We note that the difference between the VRS score and the SAS score is unrelated to the global characteristics of SAS projected DMU.

4 An Illustrative Example

In this section, we present an artificial example with a single input and a single output. Table 1 shows 10 DMUs with input x and output y, while Fig. 4 gives a graphical interpretation of the same data. These DMUs display a typical S-shaped curve.

Table 1 Example
Fig. 4
figure 4

Data plot of DMUs defined in Table 1

Initially, we solved the input-oriented CRS and VRS models, and obtained the scale-efficiency and CRS slacks, which were then decomposed into scale-independent and scale-dependent parts. Table 2 shows the solutions and the decomposed parts. Since the output, \(y\), has no slacks in this example, they are not included in the table.

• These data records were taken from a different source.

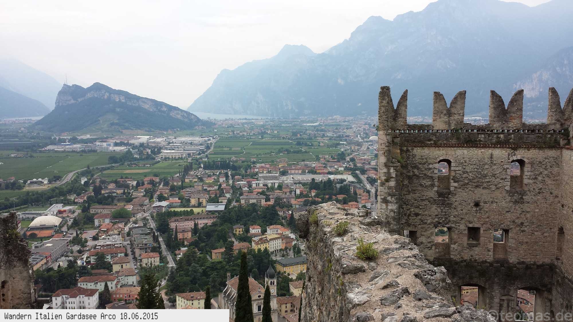 Der kurze Eisenweg über den Dächern von Arco bietet aus der steilen Wand tolle Ausblicke auf das Castello di Arco und den Gardasee.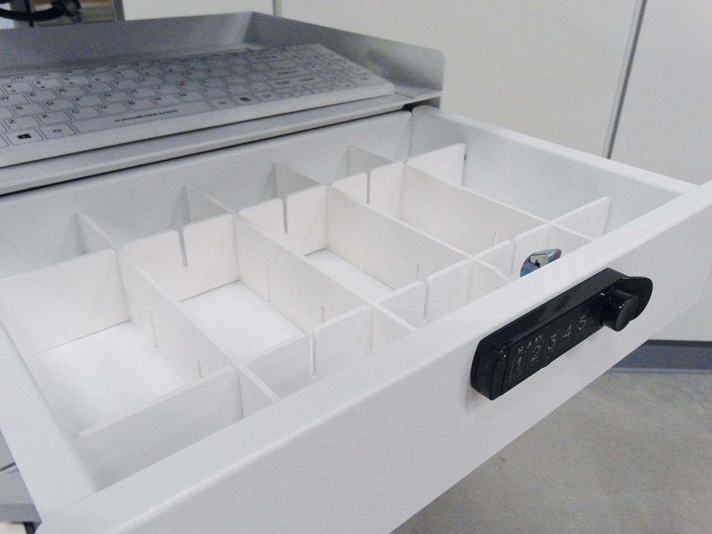 Aan onze cow’s kunnen diverse lades en medicijncassettes gekoppeld worden al dan niet bestemd voor medicijndistributie. Verschillende soorten sloten zijn mogelijk.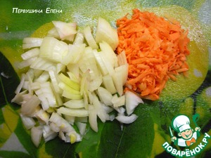 Морковь натрем на крупной терке, а лук нарезаем кубиками или полосочками.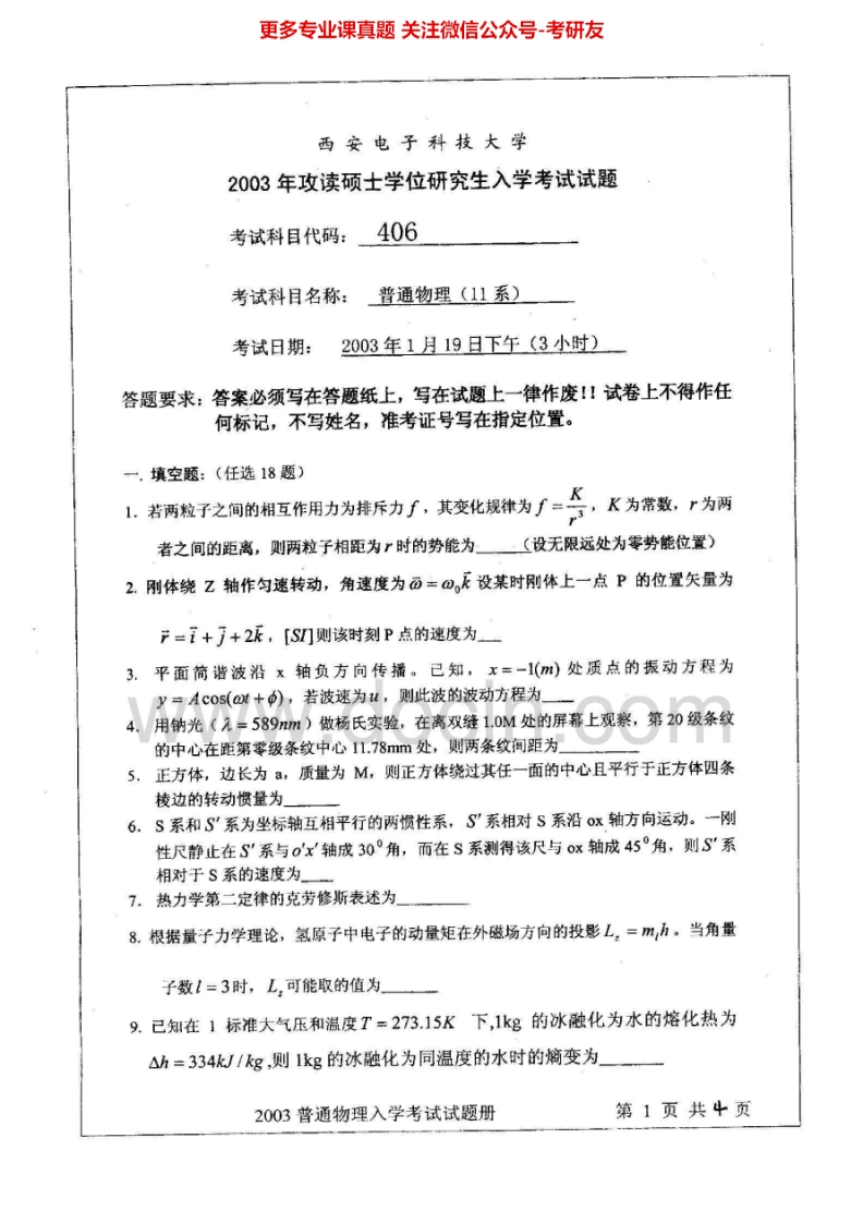西安电子科技大学872普通物理2003-2008考研真题汇编.Image.Marked-学习资源网 - 分享优质学习资料

Table 2 CRS, VRS, scale-efficiency and slacks for the DMUs in Table 1

In the second phase, we deleted the scale-dependent slacks from the data and obtained the data set \((\overline{{\mathbf {X}},} \overline{\mathbf {Y}} )\). We solved the CRS model within each cluster and determined the in-cluster slacks. By summing the scale-dependent slacks and the in-cluster slacks, we obtained the total slacks. Table 3 shows the data obtained.

Table 3 Calculated \((\overline{{\mathbf {X}},} \overline{\mathbf {Y}} )\), in-cluster slacks and total slacks

Finally, we computed the adjusted score, \(\theta ^{\mathrm{{SAS}}}\), and the projected input and output. These values are given in Table 4, while Fig. 5 displays the results graphically. In the table, “Frontier” indicates the global characteristics of the SAS projected DMUs, identified using (20).

Table 4 Adjusted score (SAS) and projected input and output
Fig. 5
figure 5

Projection solid triangle and data circle

In Table 5 and Fig. 6, we compare the input-oriented CRS score, VRS score and SAS. The SAS of DMUs C and D have larger values than the scores given by the VRS model. This reflects the non-convex characteristics of the data set. The projected frontiers are a mixture of non-convex and convex parts.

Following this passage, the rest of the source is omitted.